Почти все участники вечера чувствовали себя весьма неважно, в том числе и Ганс Касторп, у которого отчаянно разболелась голова, но бремя этого недомогания, однако, не помешало ему навестить хозяина вчерашнего пира: встретив в коридоре первого этажа малайца, он попросил доложить о себе Пеперкорну и получил приглашенье зайти.
Он вошел в спальню голландца через гостиную, отделявшую ее от спальни мадам Шоша, и нашел, что комната Пеперкорна с двумя кроватями своими размерами и изысканностью обстановки выгодно отличается от берггофских комнат обычного типа. Здесь стояли обитые шелком кресла и столы с выгнутыми ножками, на полу лежал пушистый ковер, да и кровати были гораздо удобнее, чем гигиенический смертный одр, предоставлявшийся рядовым пациентам, они были даже роскошны – из полированного вишневого дерева с медными украшениями, без занавесей, лишь с маленьким общим балдахином в виде навеса.
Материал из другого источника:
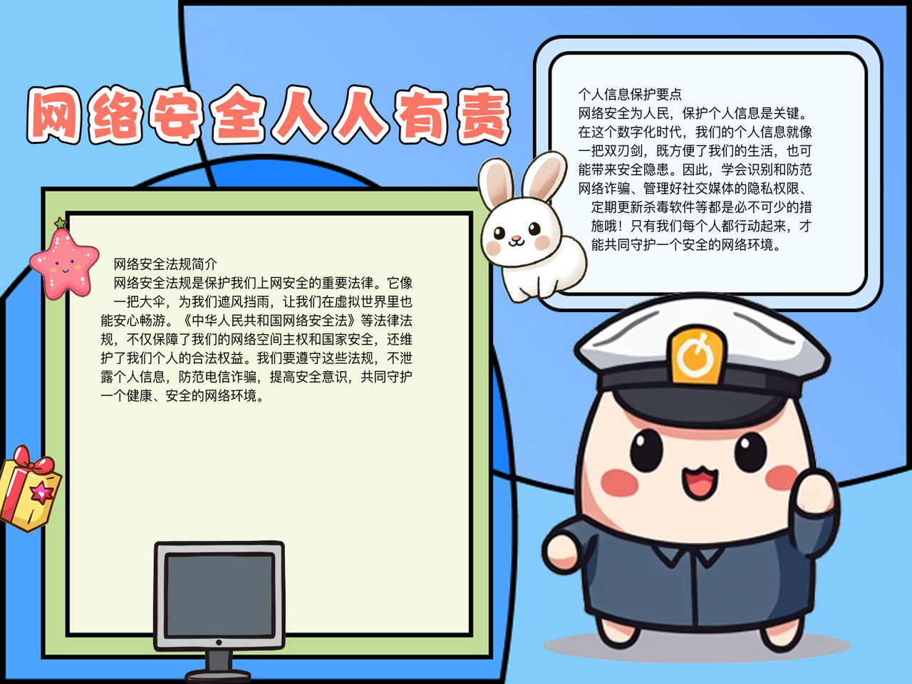 5、10 网络安全是天下的安全,一旦网络安全受损,整个社会都将受到影响以下是一些网络安全手抄报的内容 不要未经父母同意,在网上透露自己和家人的真实信息 看到不文明的网络信息应立即告知父母 不在聊天室或BBS上发布攻击性言论,不传播违反行为规范的内容 不要随意在网上公布自己的电子邮件。

На одной из кроватей лежал Пеперкорн, по стеганому одеялу красного шелка были разбросаны письма и газеты: глядя сквозь пенсне с высокой дужкой, он читал «Телеграф». На стуле рядом с кроватью стояла кофейная посуда, на столике недопитая бутылка красного вина – оказалось, та самая вчерашняя наивная шипучка – и пузырьки с лекарствами. Ганс Касторп про себя удивился, что голландец не в белой рубашке, а в шерстяной фуфайке с длинными рукавами, застегнутыми у запястий, с круглым вырезом вокруг шеи; она плотно обтягивала широкие плечи и могучую грудь старика, и человеческое величие этой лежавшей на подушке головы как будто еще подчеркивалось фуфайкой, благодаря ей в нем не осталось уже ничего буржуазного, а появилось что-то простое, от рабочего, и вместе с тем монументальное, от мраморного бюста.
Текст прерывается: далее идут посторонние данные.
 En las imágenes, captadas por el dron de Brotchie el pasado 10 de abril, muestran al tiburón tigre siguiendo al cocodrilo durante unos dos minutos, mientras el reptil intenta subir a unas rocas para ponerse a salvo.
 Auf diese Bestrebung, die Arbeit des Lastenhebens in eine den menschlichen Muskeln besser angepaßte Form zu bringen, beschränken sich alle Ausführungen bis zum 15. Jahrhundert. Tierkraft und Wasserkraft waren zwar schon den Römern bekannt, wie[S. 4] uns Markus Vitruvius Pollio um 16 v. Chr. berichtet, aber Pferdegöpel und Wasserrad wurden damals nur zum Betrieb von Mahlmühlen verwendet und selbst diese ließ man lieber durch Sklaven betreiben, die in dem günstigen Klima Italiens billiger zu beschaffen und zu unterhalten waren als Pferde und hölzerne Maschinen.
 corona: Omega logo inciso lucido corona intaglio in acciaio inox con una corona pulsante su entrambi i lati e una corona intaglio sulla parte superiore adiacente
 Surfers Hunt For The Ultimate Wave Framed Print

– Безусловно, молодой человек, – сказал он и, взяв пенсне за дужку, снял его. – Прошу, ничуть. Напротив. – Ганс Касторп уселся подле него. Он был удивлен его видом, он жалел старика, чувство справедливости побуждало его даже, быть может, к искреннему восхищению, но он скрыл все это за дружеской оживленной болтовней, а Пеперкорн вторил ему многозначительно – оборванными фразами и впечатляющей игрою жестов. Выглядел он плохо, лицо пожелтело, казалось больным и осунувшимся. Под утро у него был сильный приступ лихорадки, и сейчас он чувствовал особенную слабость в придачу к похмелью после вчерашнего кутежа.
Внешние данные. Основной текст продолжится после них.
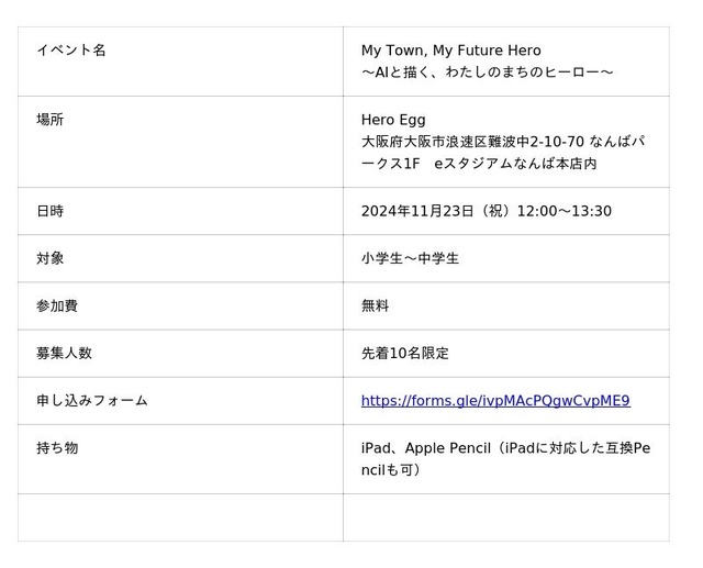 株式会社Meta Heroes(本社所在地:大阪府大阪市、代表取締役:松石和俊、以下「当社」)は、当社が運営するDX教育施設「Hero Egg(ヒーローエッグ)」(大阪・なんばパークス内)にて、元Apple米国本社副社長で、iPod miniの大ヒット仕掛け人として知られる前刀 禎明(さきとう よしあき)氏をお招きし、子どもの創造性を育む特別ワークショップ「My Town, My Future Hero ~AIと描く、わたしのまちのヒーロー~」を、2024年11月23日(祝)に無料開催します。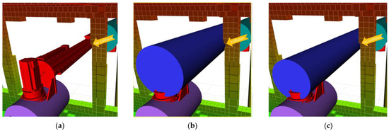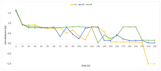 The dimensions of cylinders are crucial for the representation of the robot links. The dimensions should be the smallest values that cover the links. Otherwise, the minimum distances cannot be reliable. For instance, at 210 s, the minimum distance of C3, which is −1, indicates a collision between C3 and the bus (see Figure 15). However, in the real system, there is no collision between the links of the robot and the bus. The reason is that the cylinder dimensions are chosen larger than they must be. The radius of the cylinder must be adequately close to the related link of the robot. Therefore, C3 is tested with three different radii to find the optimum radius. Figure 17 presents the minimum distances of C3 for three radii. As can be seen in the figure, the robot completes its movement without collision if a consistent radius is employed (r3 = 0.124). Even if the robot performs its movement without any collision with the r2 radius, it needs to be chosen as the nearest one for realistic distance results. Figure 18 shows the representation of the C3 with the new and old radii.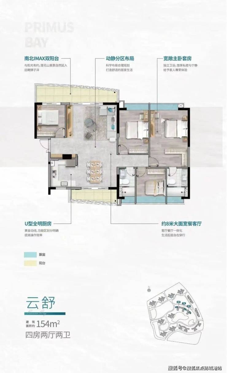 132㎡四房两厅两卫:一体式双厅布局,双阳台设计,约12.6米超长采光面,房间设有阔景飘窗,采光极佳。无论是家庭聚会还是私人空间的享受,都十分适合。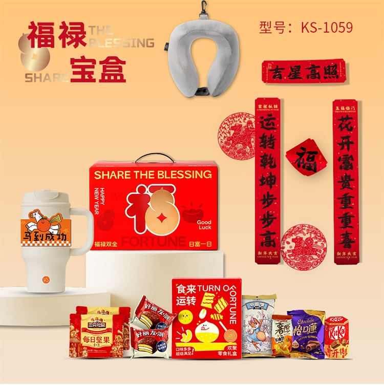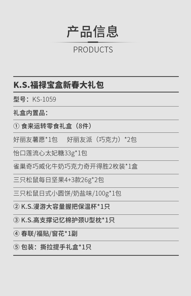 配置清单:① 食来运转零食礼盒8件套 ②K.S.漫游大容量握把保温杯*1只 ③K.S.高支撑记忆棉护颈U型枕*1只 ④春联/福贴/窗花*1副 ⑤包装:撕拉提手礼盒*1只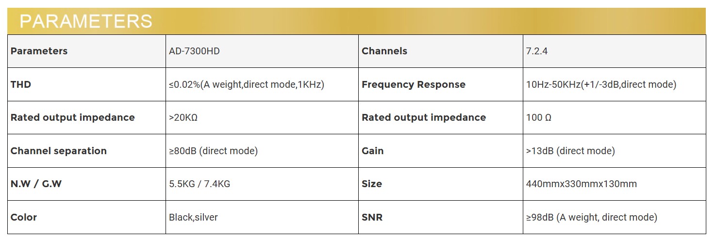 The AD-7300HD processes advanced audio formats including Dolby Atmos and DTS , providing an immersive 7.2.4 channel surround sound experience ideal for home theater enthusiasts, equipped with 4K/60Hz video handling and support for HDR10 and Dolby Vision.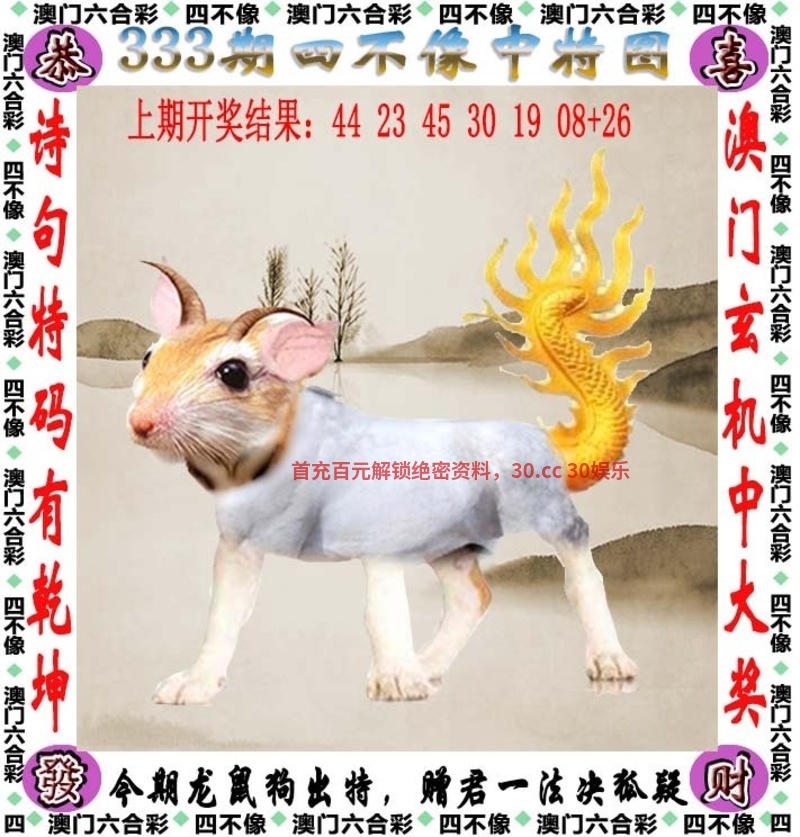 | 333期阴阳两肖╠阴肖+虎羊╣开:鼠06准 |

– Крепко мы вчера, – сказал он. – Нет, позвольте, – отчаянно и скверно! Вы еще – хорошо, без последствий… Но в мои годы и когда мне угрожает… Дитя мое, – обратился он с бережной, но непреклонной строгостью к входившей в этот миг мадам Шоша, – все хорошо, но, повторяю, надо было внимательнее… Надо было не давать мне… – При этих словах в игре его лица, в его голосе появились признаки закипающего царственного гнева. Но достаточно было представить себе, какая бы разразилась буря, если бы ему действительно помешали пить сколько он хочет, чтобы понять всю несправедливость и неразумность подобного упрека. Что ж, видно, уж таковы все великие люди. Поэтому его спутница ничего не ответила и поздоровалась с поднявшимся ей навстречу Гансом Касторпом – впрочем, руки ему не подала, а лишь улыбнулась и кивнула, сказав: «Нет-нет, прошу вас, сидите… да-да, прошу вас, продолжайте», – как бы не желая прерывать его tete-a-tete с Пеперкорном… Она что-то переставила в комнате, приказала камердинеру унести кофейный прибор, ненадолго вышла, неслышными шагами вернулась и, стоя, приняла некоторое участие в беседе, или, если передать словами смутное впечатление Ганса Касторпа, слегка понадзирала за этой беседой. Ну, конечно! Она имела право вернуться в «Берггоф» в обществе человека больших масштабов, но если тот, кто так терпеливо ее ждал здесь, отнесся к этому человеку с должным почтением, как мужчина к мужчине, в ее «нет-нет… сидите» и «да-да, продолжайте» чувствовалась некоторая тревога и даже уязвленность. Ганс Касторп усмехнулся, низко наклонившись, чтобы скрыть улыбку, и вместе с тем в душе у него вспыхнула радость.